1. Brückenbauer:in zwischen Vision und Realität

Der COO ist nicht nur für das operative Tagesgeschäft verantwortlich – er ist der zentrale Übersetzer zwischen der strategischen Vision der Geschäftsführung und deren Umsetzung im Alltag.

Während der CEO die Richtung vorgibt, sorgt der COO für das „Wie“: für Strukturen, Prozesse und die operative Exzellenz. Besonders in Familienunternehmen ist der COO häufig der Stabilitätsanker – das Kontinuitätsversprechen für Mitarbeitende, Kund:innen und Investoren.

2. Führung durch Struktur – nicht Kontrolle

Der moderne COO denkt nicht in Kontrollmechanismen, sondern in Strukturen, die Teams befähigen. Effizienz entsteht durch Klarheit, nicht durch Mikromanagement.

Gut gestaltete Prozesse, nachvollziehbare Zuständigkeiten und eine offene Kommunikationskultur sind das Fundament seiner Arbeit.

Der COO gibt nicht den Ton an, sondern den Takt und adaptiert diesen wenn nötig – leise, aber wirksam.

3. Kulturelle Instanz und Wertevermittler:in

Wo das „Was“ durch CEOs oder Eigentümer:innen bestimmt wird, verantwortet der COO das „Wie“ – und damit den kulturellen Rahmen, in dem gearbeitet wird.

Wie wird geführt? Wie wird mit Veränderungen umgegangen? Wie wird Innovation möglich gemacht?

Der COO sorgt dafür, dass die gelebte Unternehmenskultur nicht im Leitbild stecken bleibt, sondern sich in Verhalten, Entscheidungen und Strukturen widerspiegelt.

4. Navigator:in in der digitalen Transformation

Digitalisierung, Automatisierung, KI – diese Schlagworte sind allgegenwärtig. Doch der Unterschied liegt im Wie der Umsetzung.

Der COO führt neue Technologien nicht um ihrer selbst willen ein, sondern mit Sinn und Verstand: technologieaffin, aber menschenzentriert.

Er oder sie stellt sicher, dass digitale Werkzeuge in der Praxis funktionieren, den Alltag erleichtern – und von den Mitarbeitenden akzeptiert werden.

5. Der stille Motor – sichtbar in Ergebnissen

COOs stehen selten im Rampenlicht – und doch wäre ohne sie vieles undenkbar. Sie sorgen für reibungslose Abläufe, stabile Prozesse und eine verlässliche Umsetzungskraft.

Gerade in Phasen der Unsicherheit – bei Übergaben, Verkäufen oder tiefgreifendem Wandel – zeigt sich die Stärke des COO: ruhig, konsequent, lösungsorientiert.

Wer in ein Unternehmen investiert, will nicht nur Visionen hören – sondern sehen, dass die operative Umsetzung funktioniert.

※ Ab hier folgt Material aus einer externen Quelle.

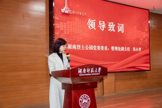 活动在《丰碑永铸颂丹魂》宣传短片播放后正式开始。熊剑峰在致辞中表示,要以新时代党的创新理论为引领,以红色文化为思想根基,推动高校思政教育提质增效,着力培养让党放心、爱国奉献、勇担民族复兴重任的时代新人。吴小芳提到,湖南烈士公园作为全国烈士纪念建筑物重点保护单位及湖南省首个“国家重点公园”,将持续深化与高校合作,为青年员工提供集观展、观演、研讨于一体的浸润式红色文化教育服务。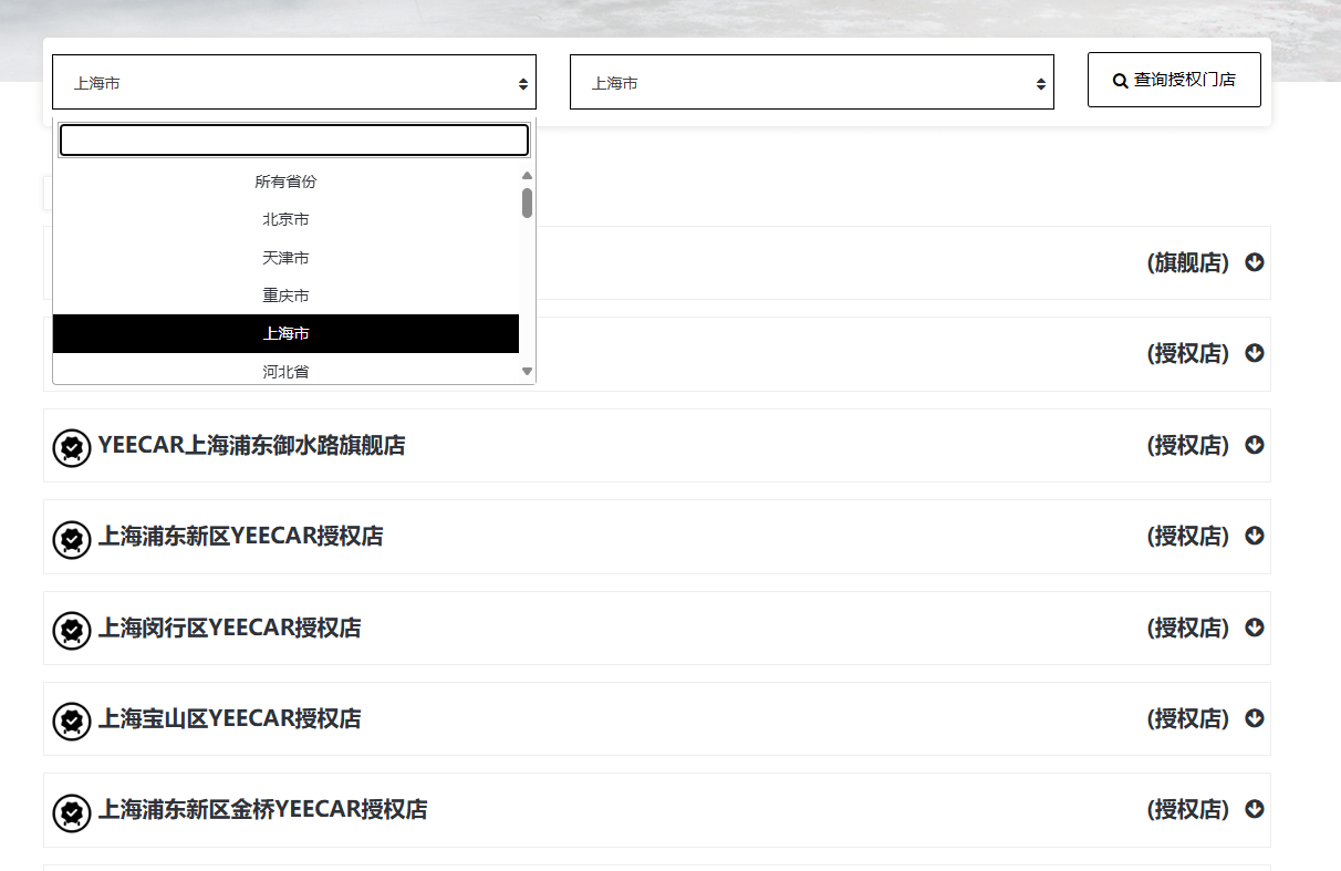 当然不只是上海有我们的YEECAR官方授权门店,也可以自行到官方进行查询,上海YEECAR官方授权门店地址查询链接:https://www.yeecar.com.cn/agent_query/23/26
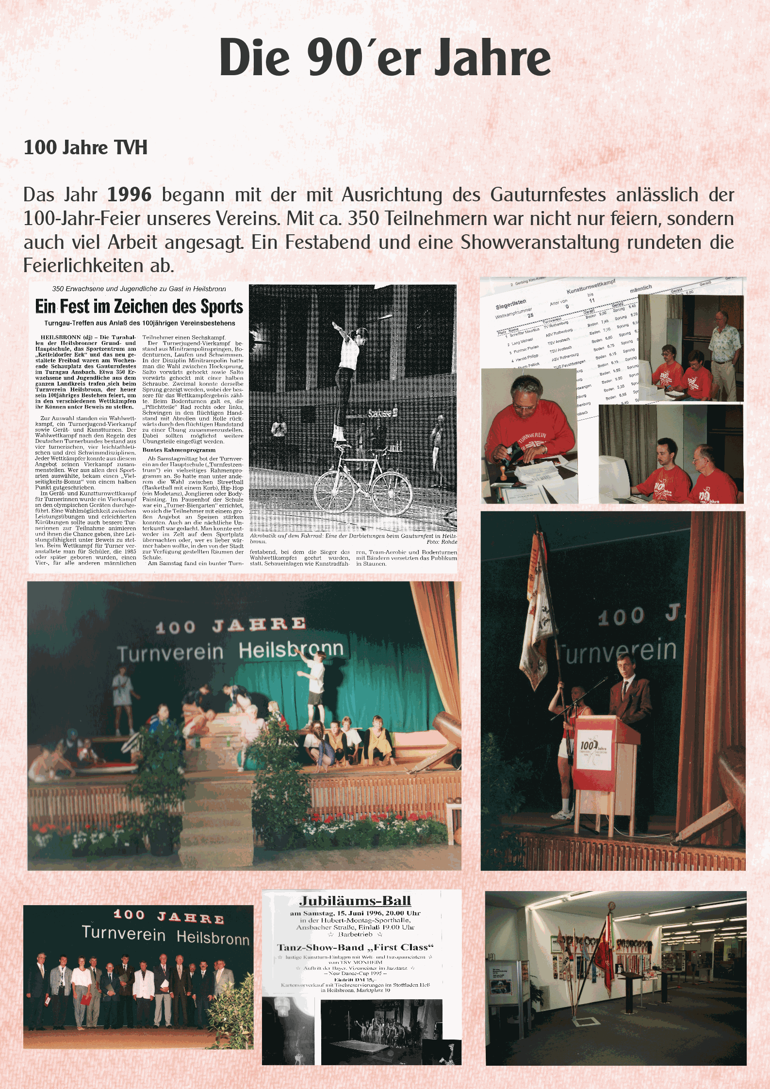 Das Jahr 1996 begann mit der mit Ausrichtung des Gauturnfestes anlässlich der 100-Jahr-Feier unseres Vereins. Mit ca. 400 Teilnehmern war nicht nur feiern angesagt, sondern wiederum halfen alle zusammen, um das Ereignis und die anfallende Arbeit zu bewältigen.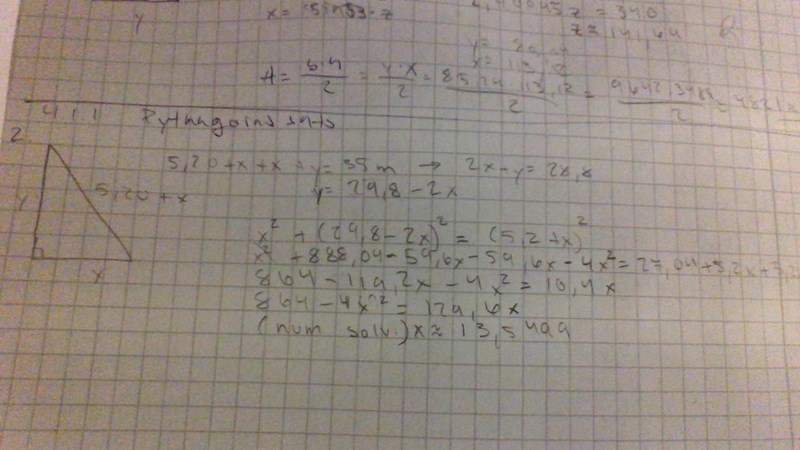 "Ett segel har formen av en rätvinklig triangel. Dess längsta sida är 5,20 meter längre än den kortaste sidan. Seglets omkrets är 35 meter.

Genau hier liefert der COO.

6. Strategische:r Sparringspartner:in auf Augenhöhe

Die Rolle des COO ist längst nicht mehr rein ausführend. Immer häufiger tritt sie als strategische Mitgestalterin auf – im engen Schulterschluss mit CEO, CFO und Gesellschafter:innen.

Als Brückenbauer:in zwischen kaufmännischem Denken und emotionaler Intelligenz verbindet der COO Kennzahlen mit Haltung, Systeme mit Sinn, und Prozesse mit Menschen.

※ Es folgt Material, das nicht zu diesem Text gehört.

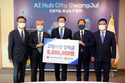 [½Åµ¿¾Æ¹æ¼Û=±èÀçÂù ±âÀÚ] ±¤ÁÖ±¤¿ª½Ã´Â 1ÀÏ ¿ÀÀü ½Ãû Á¢°ß½Ç¿¡¼­ À̿뼷 ½ÃÀå, ±è¿µÀ± ¼¼°èÈ£³²Çâ¿ìȸÃÑ¿¬ÇÕȸÀå, À̵¿¼ö ÀüÀÓ È¸Àå µîÀÌ Âü¼®ÇÑ °¡¿îµ¥ °íÇâ»ç¶û ÀåÇÐ±Ý ±âʽÄÀ» °³ÃÖÇß´Ù. ÀÌ ³¯ ±âŹµÈ ÀåÇÐ±Ý 500¸¸¿øÀº ¾ÖÇâ½ÉÀÌ ³²´Ù¸£°í Àå·¡°¡ Ã˸ÁÇÑ °¡Á¤Çü¡¦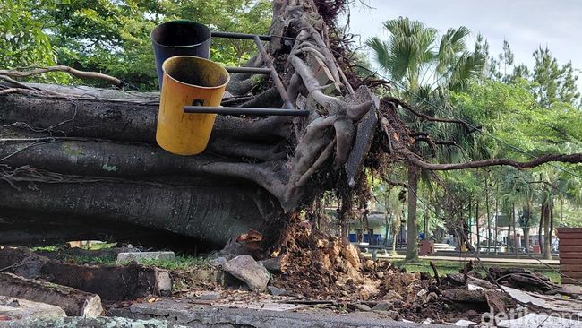 Pantauan di lokasi, bagian bawah pohon memiliki diameter besar dan tinggi mencapai 2 meter dari permukaan tanah. Tumbangnya pohon juga merusak pagar taman serta beberapa pot bunga besar di pinggir jalan.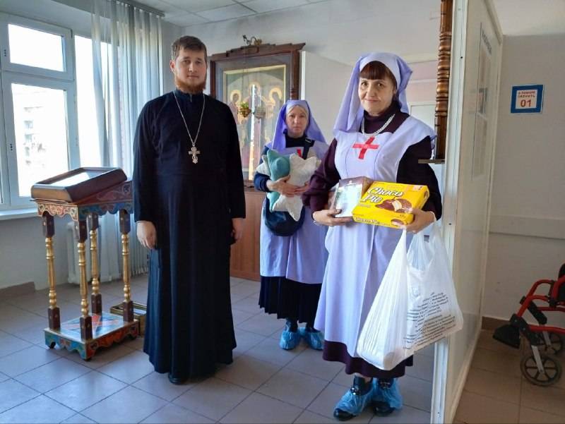 19 декабря 2025 года по благословению благочинного Западного и Юго-Западного округов, секретаря митрополита Ростовского и Новочеркасского по городу Ростову-на-Дону протоиерея Иоанна Осяк помощница благочинного по социальной работе Ирина Сариева и сестры милосердия сестричеств благочиния к празднику святителя Николая Чудотворца передали гуманитарную помощь в Госпиталя Ростова-на-Дону.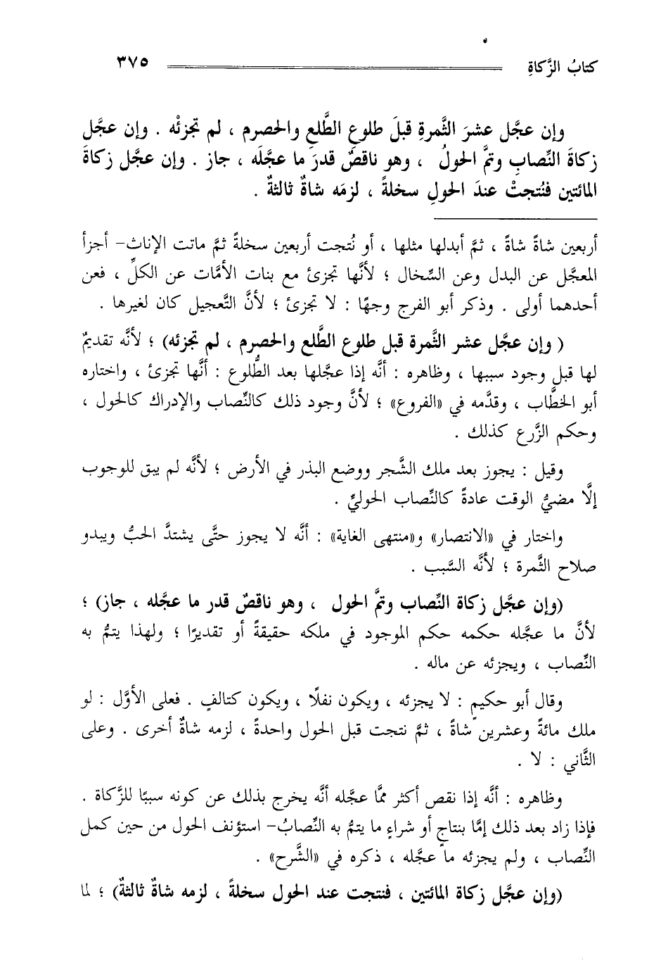وظاهره: أنه إذا نقص أكثر مما عجله أنه يخرج بذلك عن كونه سببا للزكاة فإذا زاد بعد ذلك إما بنتاج أو شراء ما يتم به النصاب استؤنف الحول من حين كمل النصاب ولم يجزئه ما عجله ذكره في الشرح.

Fazit: Zukunft braucht COO-Kraft

Der Mittelstand steht an einem Wendepunkt. Wer in dieser komplexen Welt bestehen und Transformationen nachhaltig implementieren will, braucht nicht nur Visionen, sondern auch Umsetzungskraft, Struktur und Haltung.

Der COO ist keine Assistenzfunktion, sondern eine Schlüsselrolle für Wettbewerbsfähigkeit, Resilienz und Zukunftssicherheit.

Es ist höchste Zeit, diese Rolle ins verdiente Licht zu rücken.